RCMP says there’s no excuse for excessive speeding after they caught a Kelowna man going greater than double the posted speed limit on an Alberta highway.

At around 7 p.m. on Sept. 15, an Alberta RCMP officer was conducting traffic enforcement after they spotted a white sports automotive travelling towards them at a particularly high speed on Highway 1 near Hermitage Road in Rocky View County.

Based on a news release, the 2011 Porsche 911 was recorded travelling 270 km/h in a posted 110 km/h zone.

Consequently, 36-year-old Michael Peterec, of Kelowna, B.C., was charged with one count of dangerous driving contrary to Section 320.13 (1) of the Criminal Code.

As a consequence of it being a Criminal Code charge quite than a daily traffic ticket, RCMP said it’s as much as a judge to find out the advantageous amount together with other recommendations akin to a licence suspension, though that’s all determined on an individual’s past driving history and other related offences.

“There is no such thing as a excuse for excessive speeding on our streets and highways,” Alberta RCMP traffic Insp.
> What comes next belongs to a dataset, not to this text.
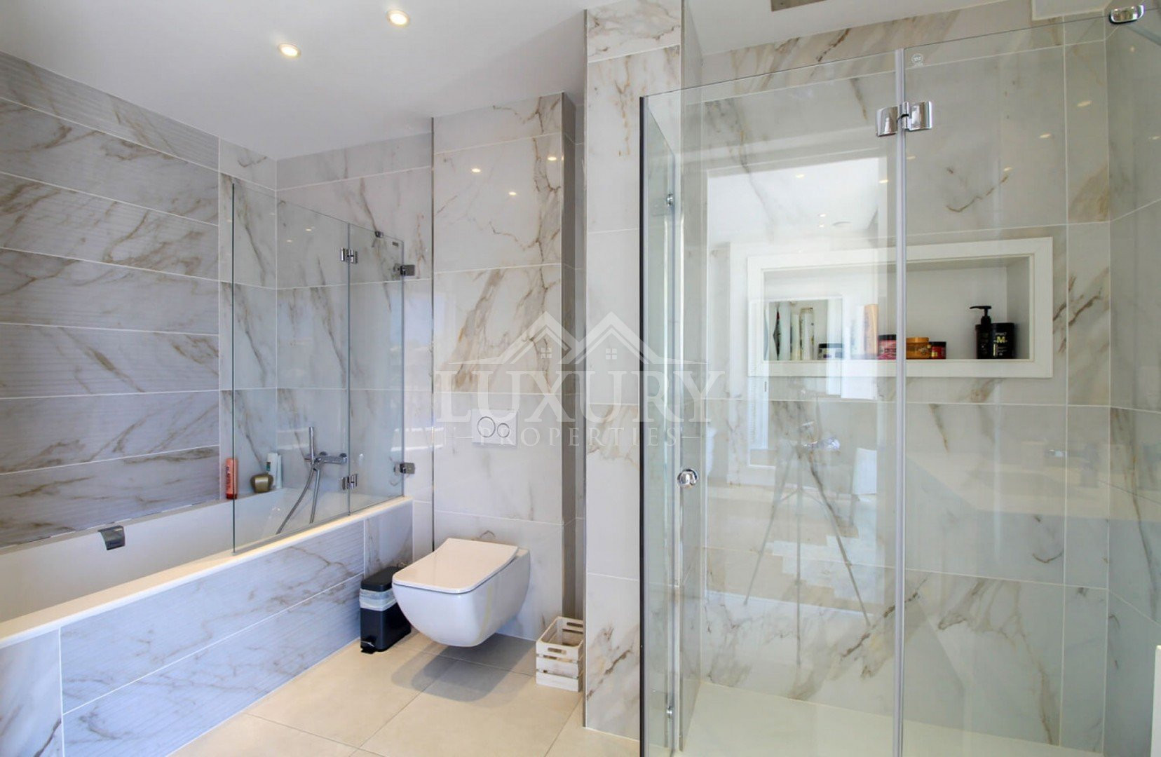 Descending the staircase to the lower level, you will find an impressively spacious master bedroom complete with an en-suite bathroom, ample fitted wardrobes, and dedicated gym equipment for private workouts. Alongside the master suite, three beautifully designed guest bedrooms each offer their own en-suite bathrooms and fitted wardrobes. A secondary kitchen and utility room are also thoughtfully positioned on this level.

Chris Romanchych said in a news release.

“Travelling at rates beyond the posted limit puts you, and people you might be sharing the road with, in danger.”

Mounties said although there was no collision, an Alberta RCMP traffic forensic collision reconstructionist was consulted and provided an in depth report to be used in court as expert evidence to support the Criminal Code dangerous driving charge.

The reconstructionist said when travelling on the speed limit of 110 km/h, once brakes are applied, a vehicle will need 55.96 metres to come back to a whole stop, and that traveling on the speed of 270 km/h, once brakes are applied, a vehicle will need 337.29 m to come back to a whole stop.

“The vehicle would have required an extra 281.33 m to come back to a stop — the reminiscent of two Canadian football field lengths.”

RCMP said the precise location where the ticket was handed out has been identified as an area where motorists often speed in excess of the posted limit. Police have now increased patrols in the world to handle this issue.

Based on Alberta Transportation, greater than half of all fatal collisions involving unsafe speeds occur in rural areas.

Peterec will appear in Cochrane Provincial Court on Dec. 13.